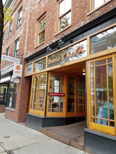 My fiancé and I were traveling through Burlington and stopped to eat at Bueno Y Sano - and we were so happy we did!! They had a great menu, lots of choices for meat-eaters and vegetarians. The burritos were huge filled with fresh chicken and lots of lettuce. The price was also very reasonable.
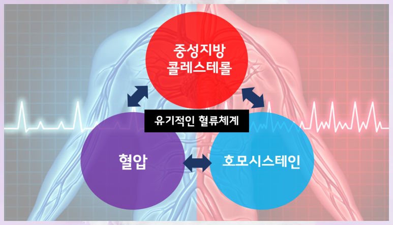 이때전문가들은혈류체계의속성을기반으로한서큘프렉스관리가필요하다고하네요. 결국 콜레스테롤, 중성지방, 혈압, 호모시스템 등의 요소들이 상호작용하는 과정에서 혈관 건강이 점차 나빠지기 때문입니다.
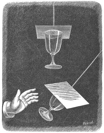 Вот применение этого закона: надо продеть ниточку сквозь середину того картона, которым прикрывают рюмку, закрепив ее изнутри узелком. Кроме того дырочку, сквозь которую пропущена нитка, нужно залепить воском, чтобы воздух никак не мог проникать в рюмку.
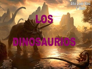 El documento resume el origen, alimentación, hábitat y teorías sobre la extinción de los dinosaurios. Explica que los dinosaurios evolucionaron de arcosauros primitivos hace 230 millones de años, y que sus patrones alimenticios se pueden deducir por sus dientes y cuerpos. También cubre la hipótesis de que las aves son parientes cercanos de los dinosaurios terópodos, y que el impacto de un meteorito hace 65 millones de años pudo haber causado su extinción al provocar incendios
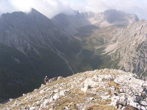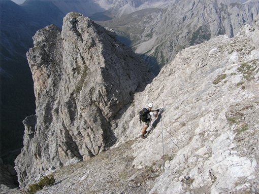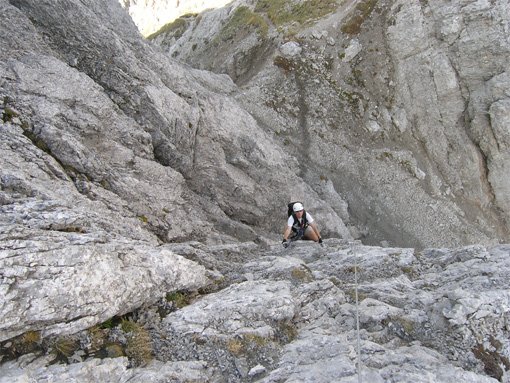 Vom Ausstieg auf ausgetretenem Pfad ein Stück aufsteigen (evtl. in wenigen Minuten zum Gipfel) und anschließend rechts in Serpentinen hinunter in die Gamsscharte. Hier befindet sich ein Notabstieg nach rechts.
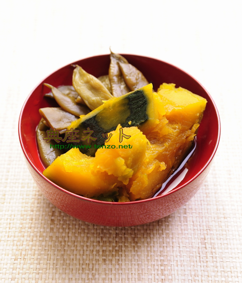 今年のお盆お供え膳のラストはカボチャのうま煮とインゲンの田舎煮です。
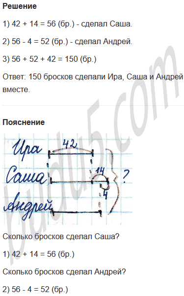 Задание № 6. На тренировке по баскетболу Ира сделала 42 броска по кольцу, Саша - на 14 бросков больше, чем Ира, а Андрей - на 4 броска меньше, чем Саша. Сколько всего бросков по кольцу сделали Ира, Саша и Андрей вместе?

- _PROBLEM STATEMENT_:
Copy the listing over exactly, skipping the pictures it holds.

- _ANSWER TO THIS PROBLEM_:
 My fiancé and I were traveling through Burlington and stopped to eat at Bueno Y Sano - and we were so happy we did!! They had a great menu, lots of choices for meat-eaters and vegetarians. The burritos were huge filled with fresh chicken and lots of lettuce. The price was also very reasonable.
 이때전문가들은혈류체계의속성을기반으로한서큘프렉스관리가필요하다고하네요. 결국 콜레스테롤, 중성지방, 혈압, 호모시스템 등의 요소들이 상호작용하는 과정에서 혈관 건강이 점차 나빠지기 때문입니다.
 Вот применение этого закона: надо продеть ниточку сквозь середину того картона, которым прикрывают рюмку, закрепив ее изнутри узелком. Кроме того дырочку, сквозь которую пропущена нитка, нужно залепить воском, чтобы воздух никак не мог проникать в рюмку.
 El documento resume el origen, alimentación, hábitat y teorías sobre la extinción de los dinosaurios. Explica que los dinosaurios evolucionaron de arcosauros primitivos hace 230 millones de años, y que sus patrones alimenticios se pueden deducir por sus dientes y cuerpos. También cubre la hipótesis de que las aves son parientes cercanos de los dinosaurios terópodos, y que el impacto de un meteorito hace 65 millones de años pudo haber causado su extinción al provocar incendios
 Vom Ausstieg auf ausgetretenem Pfad ein Stück aufsteigen (evtl. in wenigen Minuten zum Gipfel) und anschließend rechts in Serpentinen hinunter in die Gamsscharte. Hier befindet sich ein Notabstieg nach rechts.
 今年のお盆お供え膳のラストはカボチャのうま煮とインゲンの田舎煮です。
 Задание № 6. На тренировке по баскетболу Ира сделала 42 броска по кольцу, Саша - на 14 бросков больше, чем Ира, а Андрей - на 4 броска меньше, чем Саша. Сколько всего бросков по кольцу сделали Ира, Саша и Андрей вместе?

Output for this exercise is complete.